14. An endograft according to claim 13 further comprising another pressure sensor fixedly joined to said stent.
15. An endograft according to claim 14 wherein said stent includes a mesh of interconnected wires, and said stent pressure sensor is locally joined to at least one of said wires.
16. An endograft according to claim 15 wherein a plurality of said wires are cut and bent to trap said stent pressure sensor to uncut ones of said wires.
17. An endograft according to claim 1 5 further comprising a perforate box fixedly joined to said one stent wire, and said stent pressure sensor is trapped inside said box.
18. A method for using said endograft according to claim 6 to detect leakage therearound comprising: implanting said endograft inside a body vessel having an aneurysm sac, with opposite ends of said endograft contacting inner surfaces of said vessel at opposite ends of said sac; using said first pressure sensor to detect external pressure outside said endograft and inside said sac; using said second pressure sensor to detect internal pressure inside said endograft; and comparing said external and internal pressures to detect leakage.
19. A method according to claim 18 further comprising comparing mean components of said external and internal pressures to detect said leakage.

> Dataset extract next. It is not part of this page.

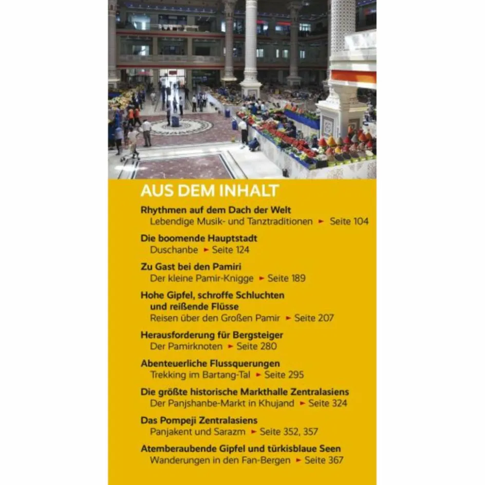 Auch kulturell hat das kleine Land viel zu bieten. So kann man auf den Spuren vorchristlicher Kulturen, des Buddhismus und des Islam reisen. Überall wird der Reisende auf herzliche Gastfreundschaft und ein kleines Abenteuer treffen.Dieser Reiseführer gibt zahlreiche Hinweise zur Vorbereitung einer unvergesslichen Reise. Detaillierte Tipps zu Unterkünften, Routen und Reisemöglichkeiten im Land ermöglichen einen besonderen und individuellen Aufenthalt, ausführliche Informationen zu Geschichte und Lebensweise geben einen tiefen Einblick in die tadschikische Kultur.

20. A method according to claim 18 further comprising comparing frequency spectra corresponding with pulsatile components of said external and internal pressures to detect said leakage.
21 . A method according to claim 19 further comprising determining attenuation of said pulsatile components and cutoff frequency therefrom to detect said leakage.
22. A method of implanting said endograft according to claim 8 comprising: expanding said endograft using a balloon catheter inside a body vessel to bridge an aneurysm sac therein; monitoring clamping pressure of engagement of said endograft with said vessel using said pressure sensors at opposite ends of said sleeve; and terminating said endograft expansion at a suitable value of monitored clamping pressure.